Es kam darauf an, eine solche Kundgebung der Wilson’schen gegenüberzustellen, die auf dieser Seite Vertrauen erweckt hätte. Die durch ihren eigenen Inhalt gezeigt hätte: Eine Störung des Weltfriedens wird durch die Mittelmächte nicht weiterhin eintreten können. Darauf war der zweite Gesichtspunkt meiner Denkschrift hingeordnet. Er ging davon aus, dass die Verhältnisse des modernen Lebens in den außerenglischen und den von den englischen abhängigen Gebieten eine Dreigliederung der ganzen sozialen Struktur notwendig machen. 1. Gesetzgebung und Verwaltung im Sinne der Volkstraditionen. 2. Organisation des Wirtschaftslebens nach opportunistischen Grundsätzen. 3. freie Produktion und Urteilfällung auf geistigem Gebiete, wozu auch das richterliche gehört.
Da man dieses nicht berücksichtigte, sind die sozialistischen Utopien entstanden, ist die viel bewunderte, aber eigentlich hilflose deutsche und österreichische Nationalökonomie entstanden, erhob sich in Russland die fürchterlichste soziale Bewegung, welche die Menschheit je gesehen hat.
Hilflos sind die Vertreter der staatlich gedachten Sozialordnung innerhalb der alten Staaten gewesen; hilflos auch die Sozialisten z.B. jetzt in Deutschland. Vollständige Illusionäre die in Russland. Die in Deutschland wollen den Kriegssozialismus fortsetzen.
Man darf nicht sagen: wie heute die Dinge liegen, so helfen solche Ideen nichts, denn in den Köpfen der Leute leben andere. Die «Führer» werden in kürzester Zeit kompromittiert sein und mit ihnen die Ideen. Dann werden die «Anhänger» geneigt sein, andere und anderes zu hören. Aber dieses andere wird dasjenige sein müssen, was von der Zeit gefordert wird.
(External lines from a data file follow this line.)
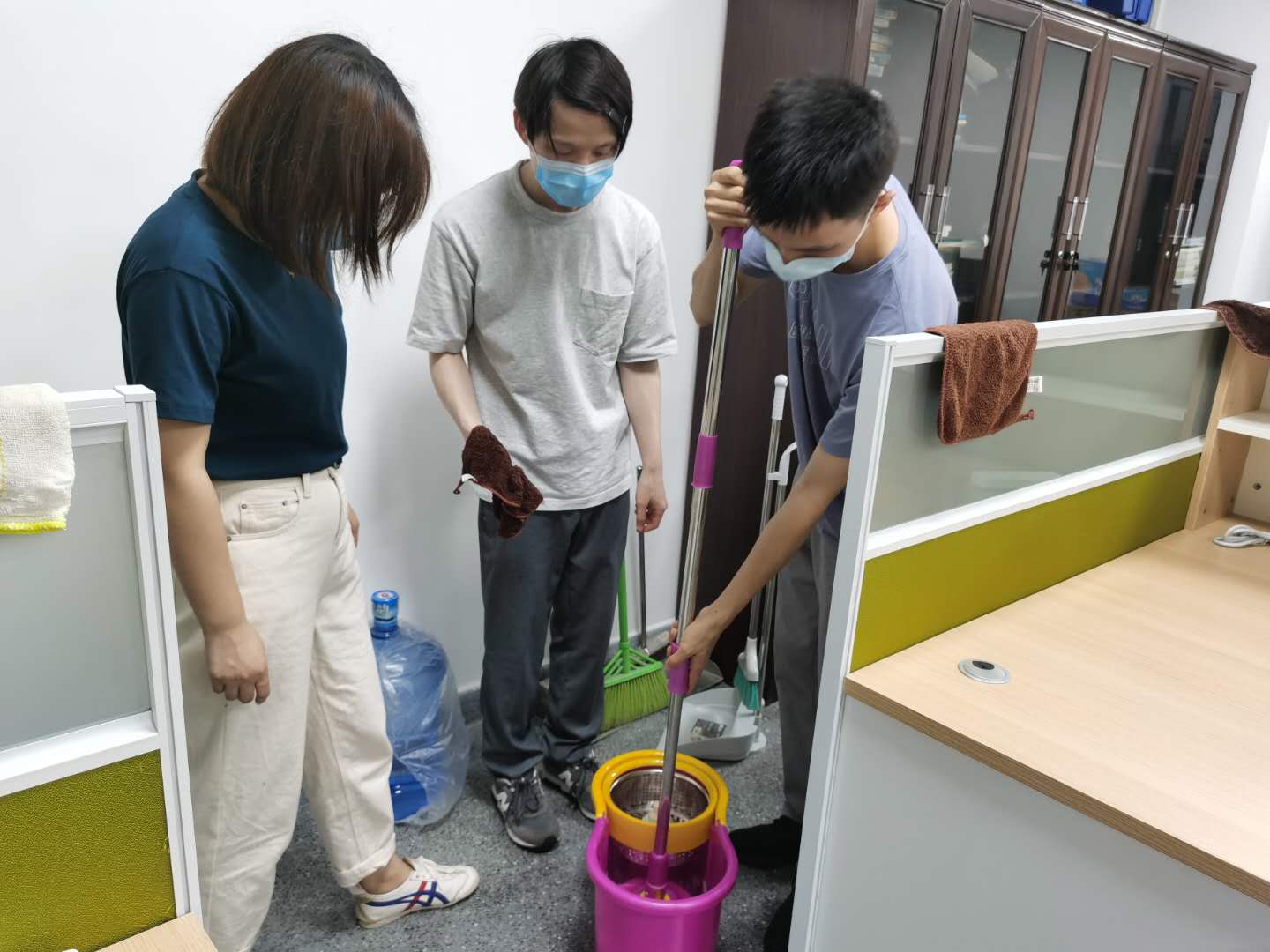 支部会议结束后,全体党支部成员在进行了“爱国卫生运动”的大扫除活动,由魏文红书记带头,对办公室、学院公共办公区域和走廊等进行了打扫和清洁,大家干劲十足,表示这是一次特别有必要且有意义的党日活动。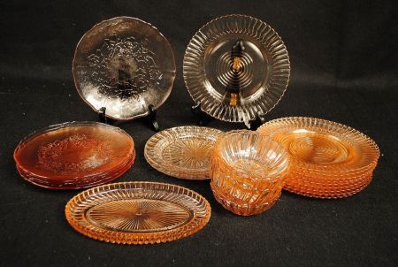 Group of Pink Depression Glass(23 pieces). Consist of: six - 2 3/8" plates, six - 71/2" plates, ten - 8" plates, one 8" dish, four - 4" bowls. Group of Pink Depression Glass(23 pieces). Consist of: six - 2 3/8" plates, six - 71/2" plates, ten - 8" plates, one 8" dish, four - 4" bowls.
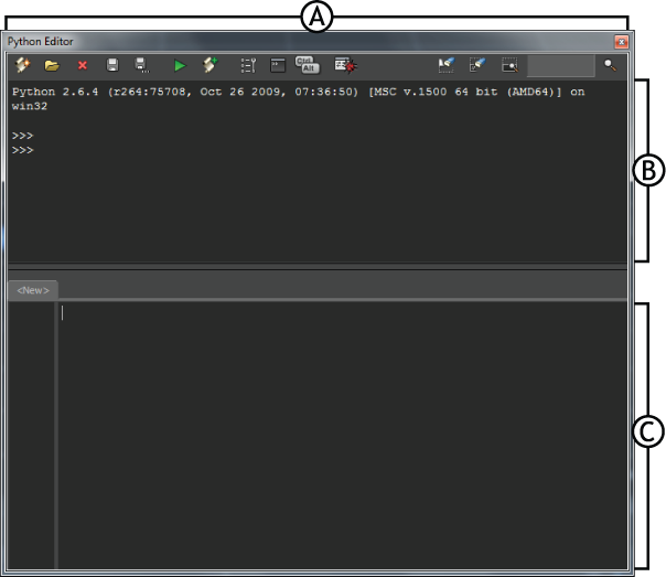 The Python Editor tool consists of the following areas: the toolbar, the interactive console, and the work area.

Mit den alten Ideen lässt sich nicht weiter arbeiten. Sie haben versagt, wo sie sich auf das soziale Gebiet erstrecken sollten. Das Erste ist, die Freimachung des Bildungswesens.
(Im Leben der Natur herrscht naturgesetzlich Überproduktion — im Menschenleben ist die Überproduktion an Geist-Erzeugnissen schädlich. Da kann nicht ein Kampf etwa der Gedanken stattfinden. Autonomie des Schul-, Religions-, des Justizwesens im vollen Umfange.)
Man hätte es nur mit einer Utopie zu tun, wenn man glaubte, dass so etwas wie das Entwickelte programmmäßig sogleich in Institutionen umgesetzt werden soll. Aber nicht darauf darf es abgesehen sein, sondern darauf, dass in den Maßnahmen des öffentlichen Lebens die aus dem Entwickelten fließende Vorstellungsart wirkt. —
Es wird dadurch die Ware unabhängig gemacht von der Arbeit. Deshalb konnten die Sozialisten die Massen gewinnen, weil sie auf die Tatsache hinweisen konnten, dass die Arbeitskraft eine Ware geworden ist. — Es kommt darauf an, dass sie es nur ist bei dem modernen Arbeiter.